Konsep Akad Fintech Syariah  

Jika berbicara tentang konsep Syariah, tentu saja kita tidak bisa melewatkan konsep akad. Yap, akad merupakan salah satu patokan terjadinya aktivitas keuangan secara Syariah. Oleh sebab itu, dalam proses penggunaan fintech Syariah ini anda wajib memahami sejumlah akad yang ada agar proses keuangan dapat dianggap sah dan halal.

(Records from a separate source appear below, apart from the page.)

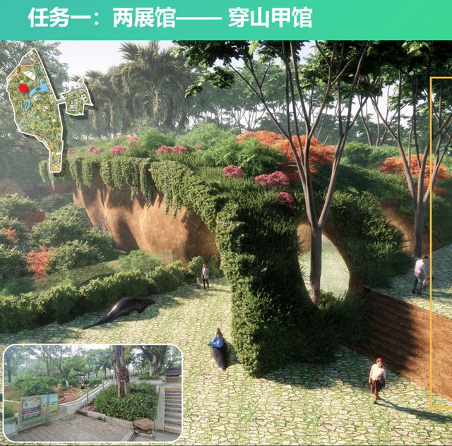 新建穿山甲館位于動(dòng)物園北部,原狀為浣熊展區(qū)的東北角。新建穿山甲館將包含室內(nèi)展區(qū)、后勤管理區(qū)、室外展區(qū)、景觀綠化的建設(shè)及主題廣場(chǎng)改造等。
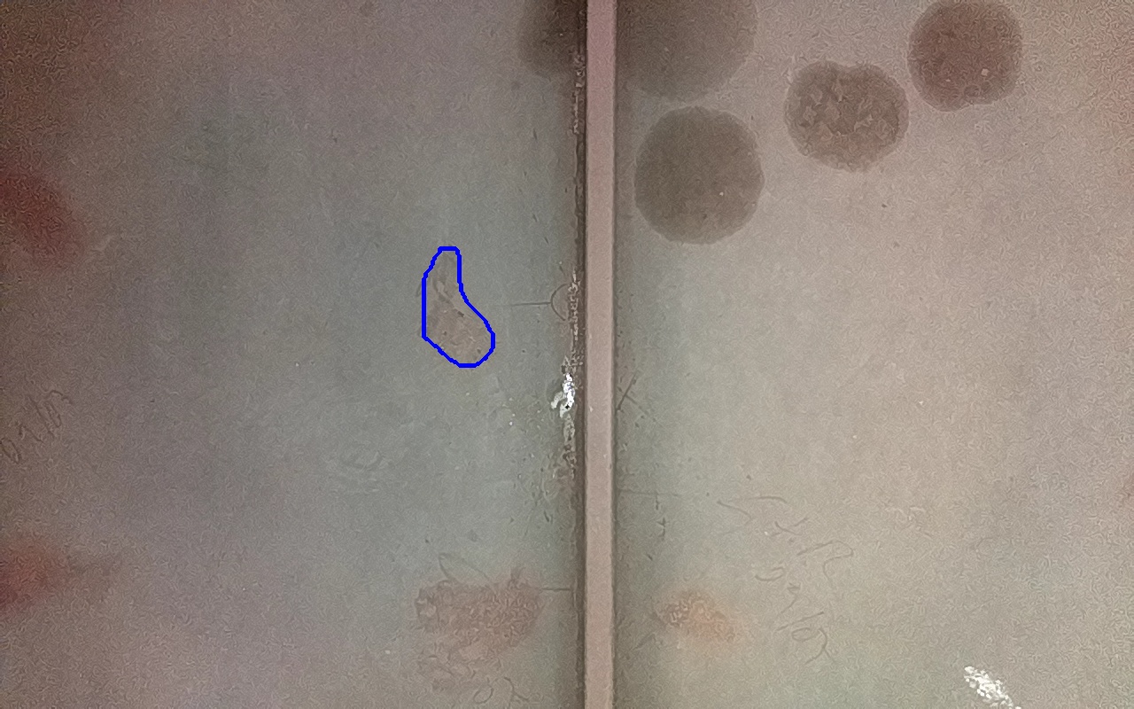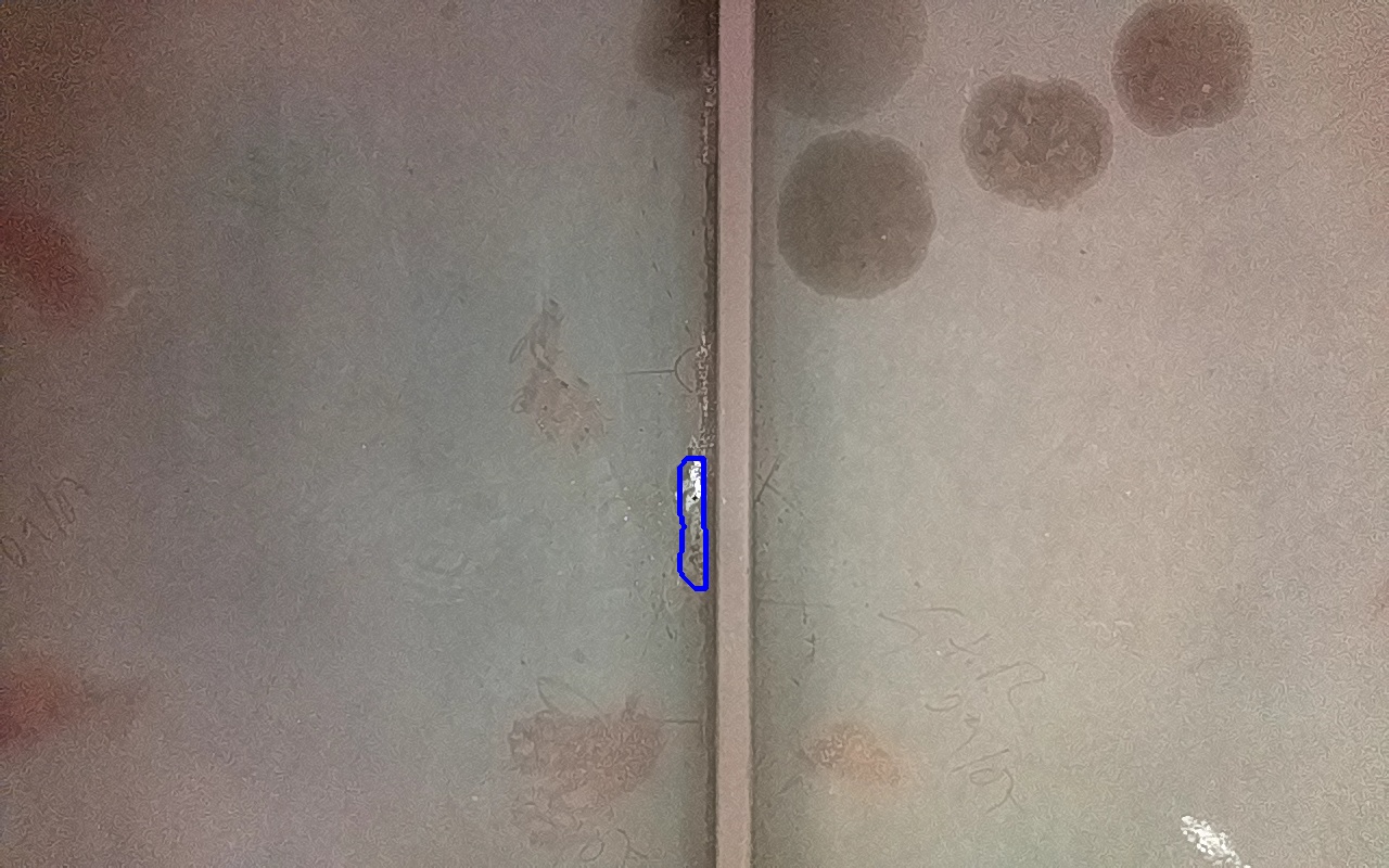 Rayaduras o zonas de metal expuestas con productos de óxido débilmente adherido.
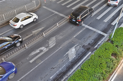 西直门外大街主路也存在类似情况,在主路与辅路汇车处。原本三条车道的路,因为车道西侧出口处划出了一块隔离线,变成了两条车道。记者观察发现,在此会车处,车流量大,因为车道突然变窄,最外侧车道的车想要继续沿主路行驶,必须向左侧并线。一些车辆不得不“加塞”并线,引起车辆抢行,鸣笛声不断。出租车司机谢先生称,这个会车处因为道路突然变窄,多次发生事故。“只要有车在这地方剐蹭了,西二环能堵一半。”他称,希望能把隔离线的位置向辅路再移一些,能够尽量保持三车道行驶。
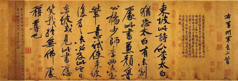 苏轼《黄州寒食帖》(部分)上面有着各个时期不同文人的题跋
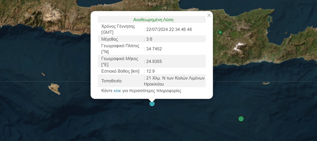 Σύμφωνα με την αναθεωρημένη λύση από το Γεωδυναμικό Ινστιτούτο Αθηνών, ο εγκέλαδος «χτύπησε» στις 01:34, με το επίκεντρο να εντοπίζεται στον θαλάσσιο χώρο 21 χιλιόμετρα νότια των Καλών Λιμένων Ηρακλείου.
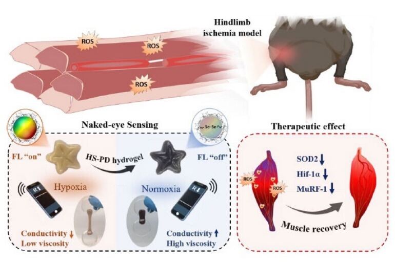 연구진이 개발한 HS-PD 하이드로겔은 허혈성 환경에서 과다 생성된 활성산소(ROS)에 의해 디셀렌이드 결합이 선택적으로 절단되면서 형광 신호가 켜지고 전기전도성과 기계적 강도가 크게 향상된다. 또한 산소 농도에 따라 색상이 변화해 별도의 장비 없이도 맨눈으로 허혈 상태를 감지할 수 있다.
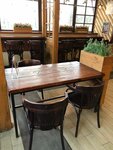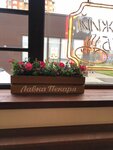 Мне понравилось обслуживание в этой пекарне. Я быстро купила себе кофе американо несильной концентрации по вкусовым ощущениям. Витрины сделаны красиво. При получении заказа с моим ростом примерно 158 сантиметров я ощутила эффект спортивного упражнения, это мне понравилось. Продавщица вежливая и неболтливая, четко выполняющая свою работу. Декор этого кафе очень красивый в виде клумб с цветами и столов с резной надписью бренда этих кондитерских, организаций быстрого питания. При входе для людей, которые пишут отзывы о заведениях, есть информация об адресе этого места в сочетании с его названием на рекламной табличке на уровне глаз. Красивый и чистый картонный стаканчик поднял мне настроение, белая пластиковые кружка с буквами и цифрами меня .
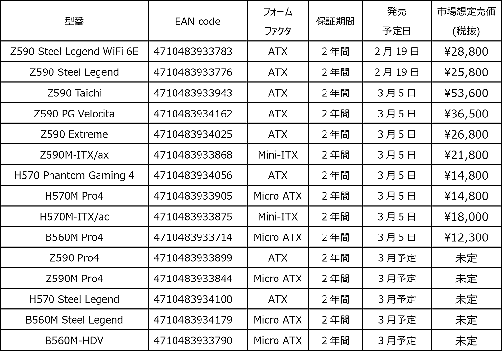 ASRock,Intel 500シリーズチップセット搭載マザーを2月19日より発売
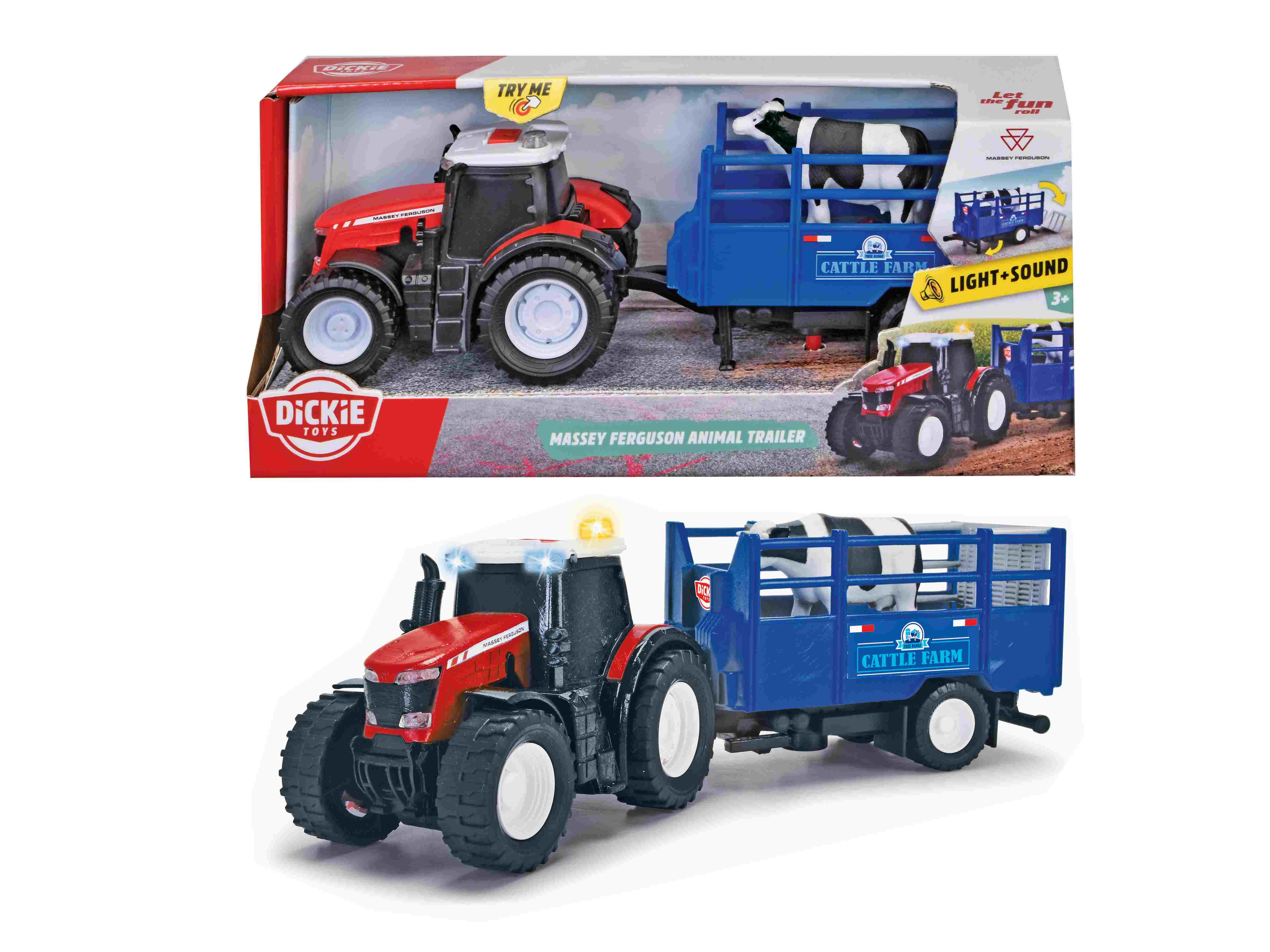 Traktor na licencji Massey Ferguson z funkcją światłą i dźwięku. W zestawie znajduje się odczepiana przyczepka do transportu zwierząt z figurką krówki. Długość 26 cm.
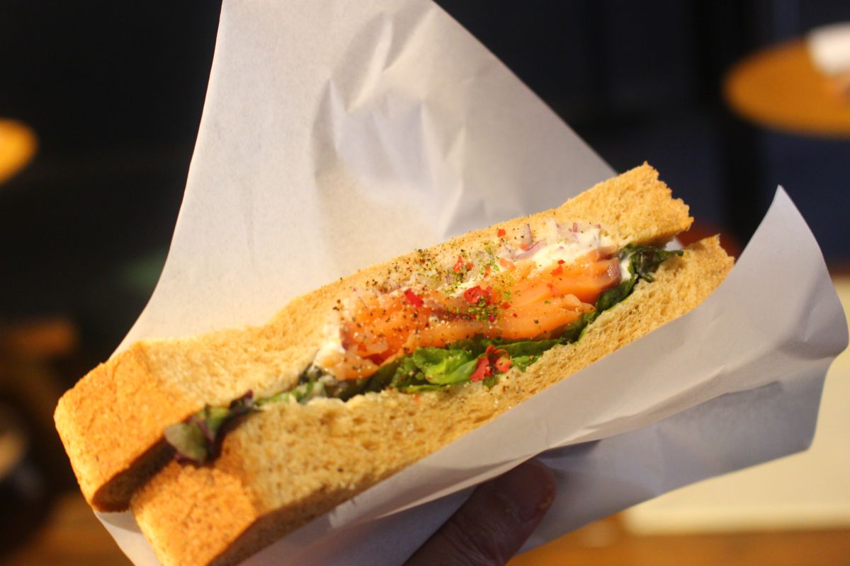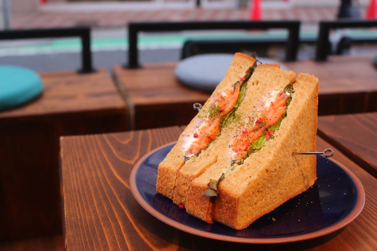 フードメニューでもう一つのおすすめは、食べごたえ満点のBIGサンド。全粒粉を使用したパンはあえて厚切りを使用し、具材もたっぷり。写真の「スモークサーモンサンド」1250円のほか、「パストラミサンド」1250円や「ヘルシーチキンサンド」1150円も人気だとか。フルーツシュークリーム同様にシェアして味わう人も多いそうです。
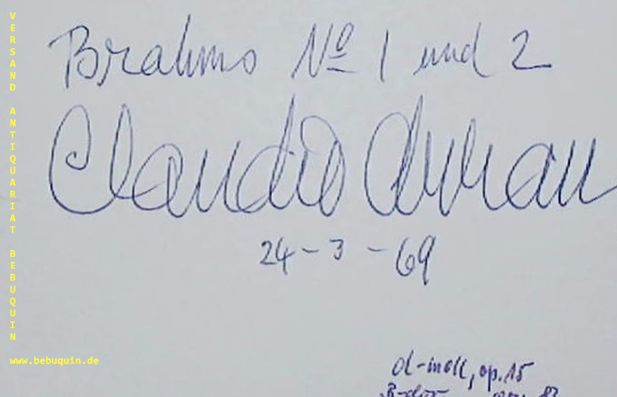 ARRAU, eigenhändig signierte und datierte Autogrammkarte: Brahms No 1 und 2.
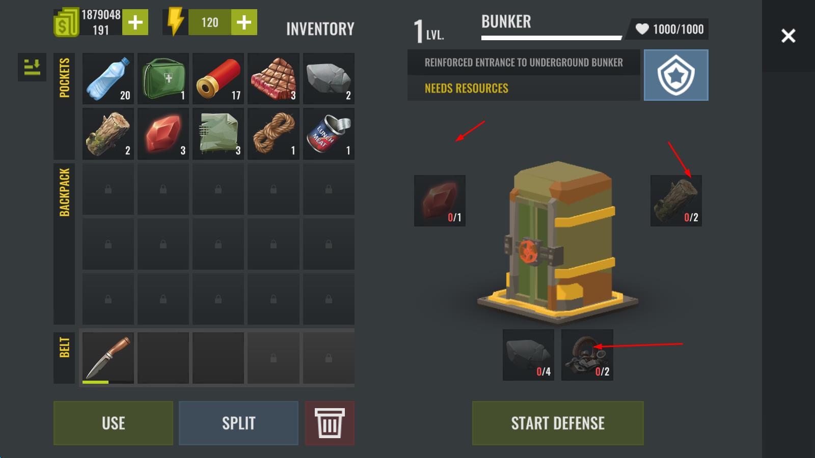 2、进入仓库界面,查看地堡升级所需资源,从背包中选取对应材料,为地堡防御做准备。
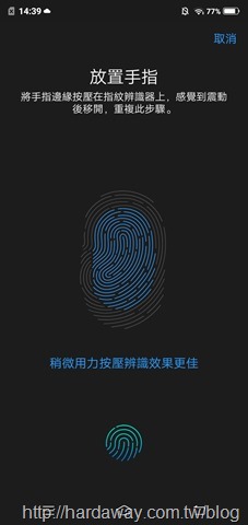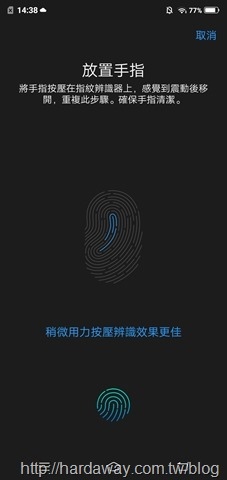 要完成指紋設定,會有兩段步驟,第一段是進行指紋內部範圍辨識,這時就依照手機畫面提示,手指分次進行按壓,直到辨識記錄完成。
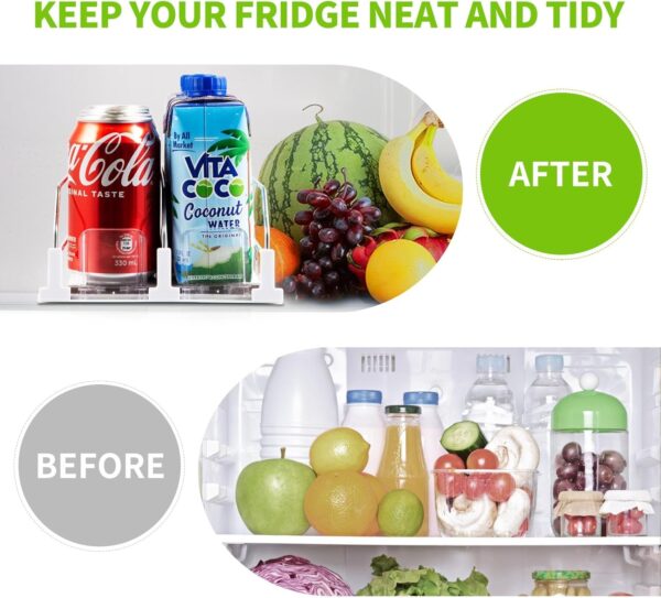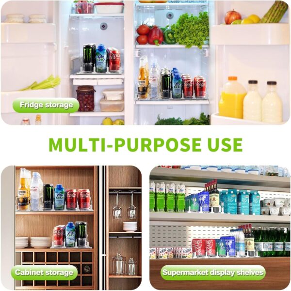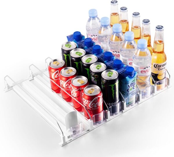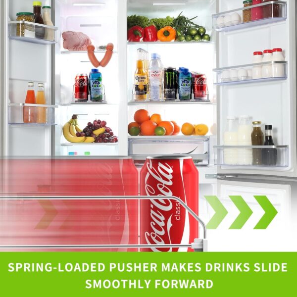 • [Diseño práctico] El organizador de latas de soda para refrigerador cuenta con un diseño de empujador de resorte integrado que desliza automáticamente y suavemente tu bebida hacia adelante. Esto garantiza que tu bebida siempre se muestre de manera destacada para un fácil acceso

Konsep Akad Fintech Syariah

Fintech Indonesia tentu saja mengeluarkan produk fintech Syariah mengingat Indonesia memiiki pengguna produk Syariah yang tinggi. Sehingga, dengan tingginya penggunaan produk Syariah, maka konsep Syariah tersebut harus dipahami dengan baik. Salah satu konsepnya adalah konsep akad Syariah yang terdiri atas berbagai hal berikut:

1) Akad Jual – Beli

Akad pertama yang dimiliki oleh konsep akad fintech Syariah adalah akad jual – beli (al – bai’). Dimana, akad jual beli ini memuat unsur pemindahan kepemilikan objek atau sesuatu yang ditukarkan kembali menjadi objek lainnya berupa barang atau harga. Dalam hal ini tentu saja, terjadi pertukaran uang yang dianggap sebagai barang atau harga.

2) Akad ijarah

Akad selanjutnya yang digunakan dalam konsep fintech Syariah adalah akad ijarah. Dimana, akad ijarah ini memiliki artian perpindahan manfaat dari suatu objek atau barang atau jasa dalam waktu tertentu dengan pergantian biaya berupa upah atau gaji atau dikenal sebagai ujirah. Tentu saja, akad ijarah ini dilakukan apabila fintech memuat fasilitas transfer yang membebankan biaya administrasi dalam fasilitas tersebut. Umumnya, seperti fintech pembayaran digital, proses transfer memuat unsur akad ijarah dengan biaya transfer berupa 2.500 – 4.000 rupiah.

3) Akad Musyarakah

Akad musyarakah merupakan akad selanjutnya yang terdapat pada penggunaan fintech. Dimana, pada akad musyarakah ini didapat keuntungan yang akan dibagi rata bagi seluruh pengguna fintech dan pemilik fintech. Begitu pula dengan kerugian, dimana tidak ada salah satu pihak yang akan dibebankan akan kerugian tersebut melainkan keduanya.

Ketiga akad di atas merupakan jenis – jenis akad yang ada pada fintech Syariah dan wajib anda pahami sebab menjadi patokan apakah suatu produk fintech itu Syariah apa tidak. Jadi, apakah anda memahami akad – akad fintech Syariah di atas?